▸ **Provided data**
========

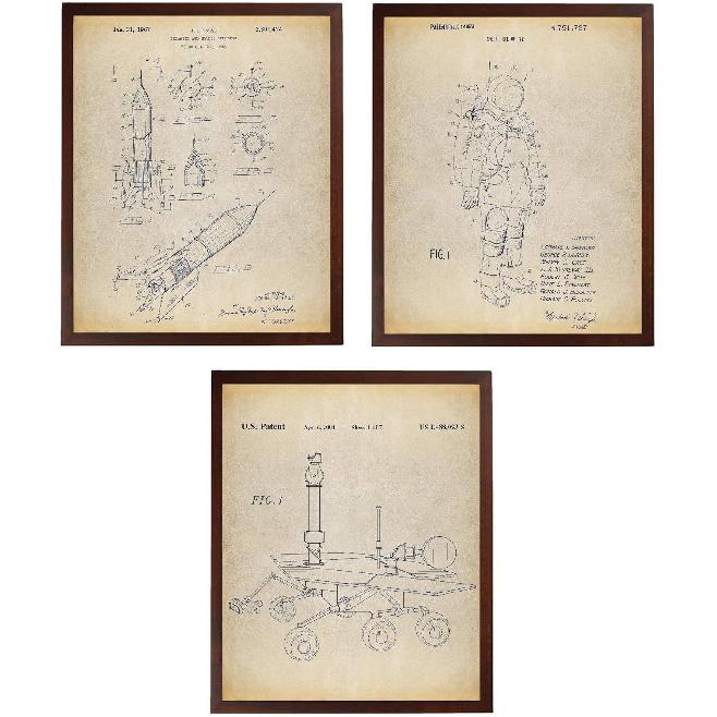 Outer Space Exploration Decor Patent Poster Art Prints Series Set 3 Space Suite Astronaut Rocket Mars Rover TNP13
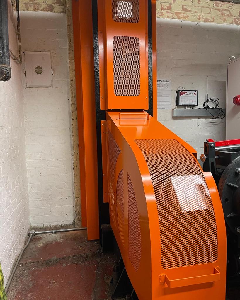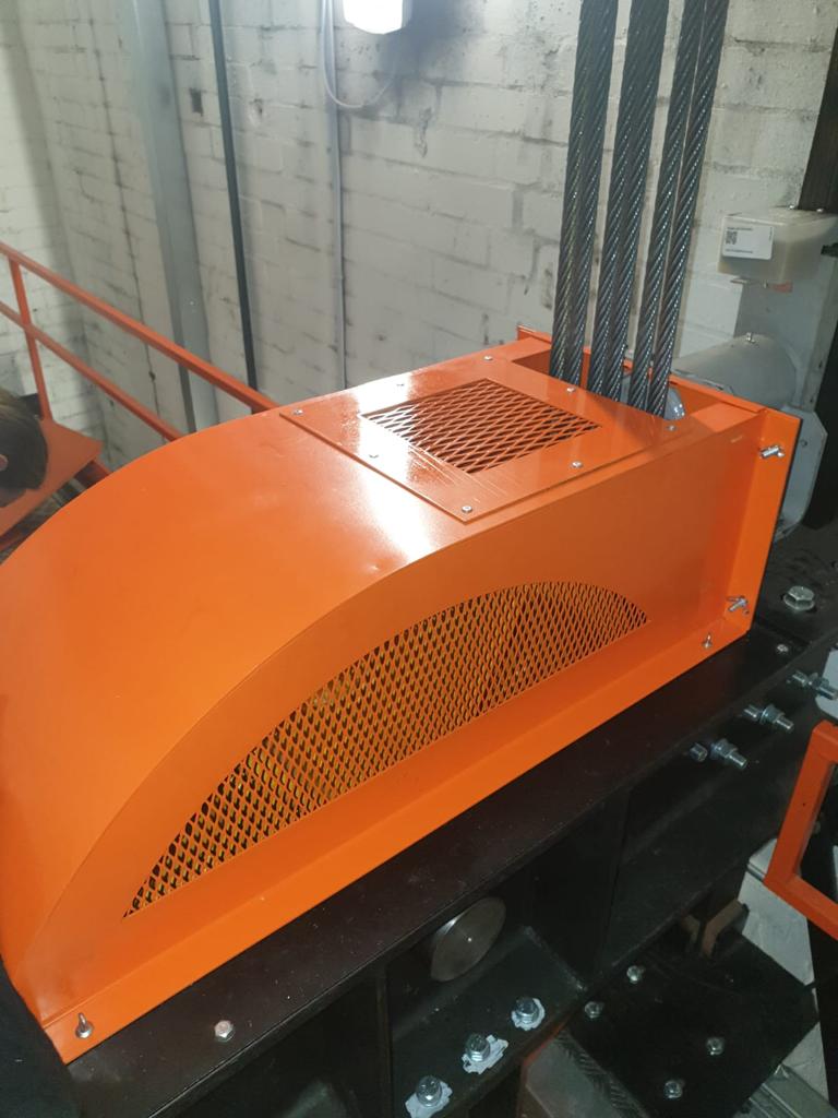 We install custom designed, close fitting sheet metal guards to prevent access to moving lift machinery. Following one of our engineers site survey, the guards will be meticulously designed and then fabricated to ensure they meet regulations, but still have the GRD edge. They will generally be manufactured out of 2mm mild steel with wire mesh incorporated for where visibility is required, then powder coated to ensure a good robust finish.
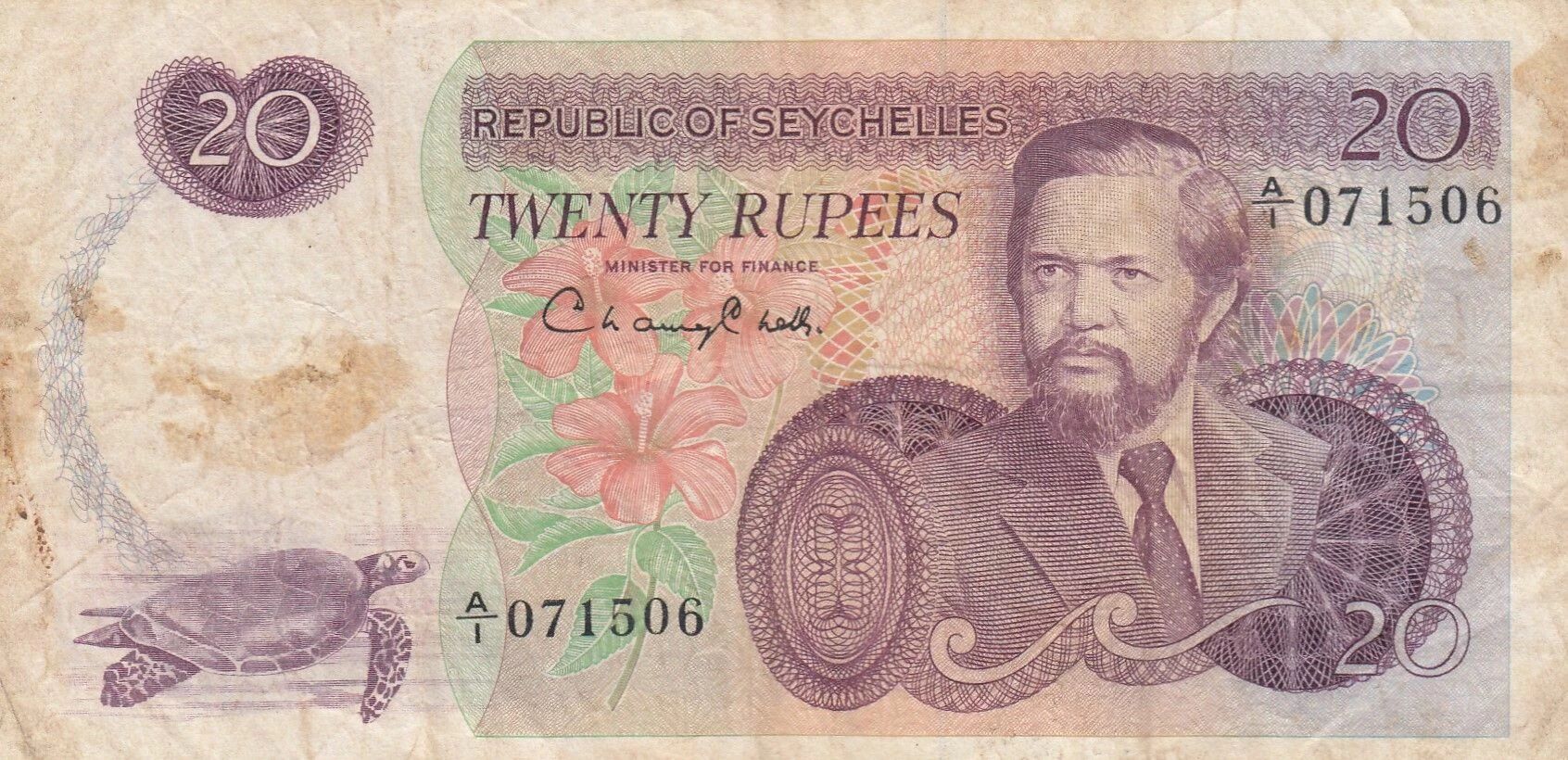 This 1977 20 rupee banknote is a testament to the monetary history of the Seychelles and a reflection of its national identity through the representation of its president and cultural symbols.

========

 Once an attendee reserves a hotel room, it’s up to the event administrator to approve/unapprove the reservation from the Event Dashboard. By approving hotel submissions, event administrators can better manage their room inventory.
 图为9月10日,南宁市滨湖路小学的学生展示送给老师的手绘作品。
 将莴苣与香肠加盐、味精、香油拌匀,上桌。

========

▸ **What you should do**
Reproduce exactly the lines of the data above that run from the line with "We install custom" down to the line with "This 1977 20", both ends included. Pictures do not belong in the copy.

▸ **Solution for this task**
 We install custom designed, close fitting sheet metal guards to prevent access to moving lift machinery. Following one of our engineers site survey, the guards will be meticulously designed and then fabricated to ensure they meet regulations, but still have the GRD edge. They will generally be manufactured out of 2mm mild steel with wire mesh incorporated for where visibility is required, then powder coated to ensure a good robust finish.
 This 1977 20 rupee banknote is a testament to the monetary history of the Seychelles and a reflection of its national identity through the representation of its president and cultural symbols.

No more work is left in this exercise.